Mandel v. Sturr

CLARK, Chief Judge

(dissenting in part).

I concur in the opinion and decision so far as it concerns the item of $12,-595.57 received in settlement of the claim for interest and discusses the award of counsel fees. But I cannot agree with the court’s exclusion from the gross estate of the $10,000 item here in dispute. The agreement negotiated at arm’s length between appellants and Wolfson unambiguously characterizes this sum as a settlement of appellants’ claimed right to post-mortem profits under the partnership agreement, and contains no hint of some claim independent of that agreement to compensate for Wolf son’s delay in paying the other sums due them.1 This evidence alone is sufficient to support the trial judge’s finding in favor of the Commissioner and fix the character of the claim settled; indeed, there is no substantial evidence to the contrary.

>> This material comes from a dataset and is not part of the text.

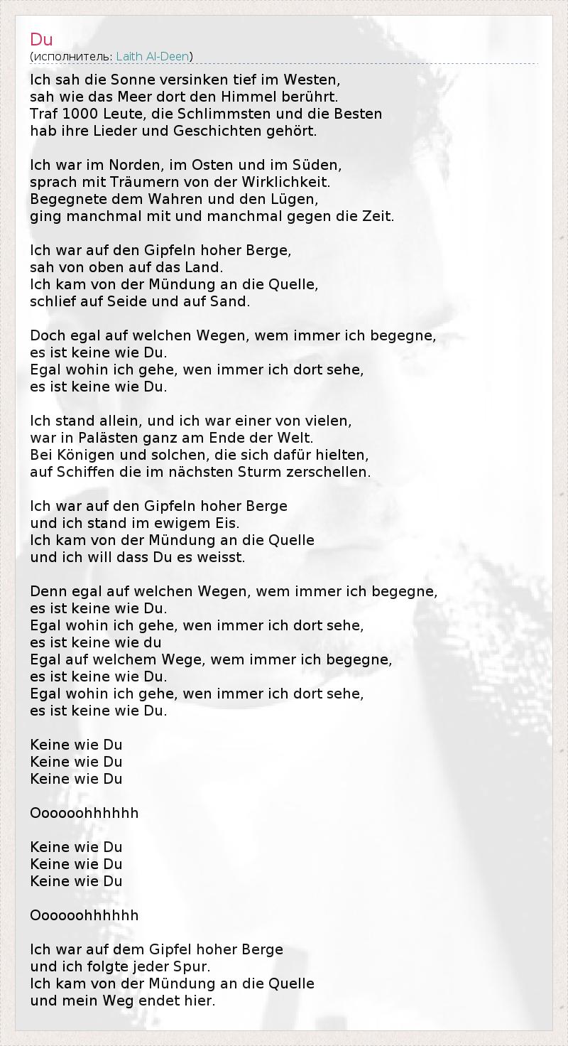 Ich sah die Sonne versinken tief im Westen, sah wie das Meer dort den Himmel berührt. Traf 1000 Leute, die Schlimmsten und die Besten hab ihre Lieder und Geschichten gehört. Ich war im Norden, im Osten und im Süden, sprach mit Träumern von der Wirklichkeit. Begegnete dem Wahren und den Lügen, ging manchmal mit und manchmal gegen die Zeit. Ich war auf den Gipfeln hoher Berge, sah von oben auf das Land. Ich kam von der Mündung an die Quelle, schlief auf Seide und auf Sand. Doch egal auf welchen Wegen, wem immer ich begegne, es ist keine wie Du. Egal wohin ich gehe, wen immer ich dort sehe, es ist keine wie Du. Ich stand allein, und ich war einer von vielen, war in Palästen ganz am Ende der Welt. Bei Königen und solchen, die sich dafür hielten, auf Schiffen die im nächsten Sturm zerschellen. Ich war auf den Gipfeln hoher Berge und ich stand im ewigem Eis. Ich kam von der Mündung an die Quelle und ich will dass Du es weisst. Denn egal auf welchen Wegen, wem immer ich begegne, es ist keine wie Du. Egal wohin ich gehe, wen immer ich dort sehe, es ist keine wie du Egal auf welchem Wege, wem immer ich begegne, es ist keine wie Du. Egal wohin ich gehe, wen immer ich dort sehe, es ist keine wie Du. Keine wie Du Keine wie Du Keine wie Du Oooooohhhhhh Keine wie Du Keine wie Du Keine wie Du Oooooohhhhhh Ich war auf dem Gipfel hoher Berge und ich folgte jeder Spur. Ich kam von der Mündung an die Quelle und mein Weg endet hier.

Moreover, since appellants have in fact received $10,000 on their claim, I do not think it necessary for tax purposes to make our own assessment of its validity. Surely a wage earner who shows that he sleeps on his job cannot successfully contend that sums received from his employer are nontaxable “gifts,” rather than earnings. Appellants clearly accepted the $10,000 as a performance by Wolfson of his obligations under the partnership agreement. It is this performance which should be taxed, and not some other or different performance which might have been required by the agreement while it was still partly executory.

. The agreement states that “a dispute has arisen as to the construction of the aforesaid partnership agreement with respect to * * * (2) the right of the Estate of Max Mandel to participate in the profits and other accruals of” the partnership after Max Mandel’s death.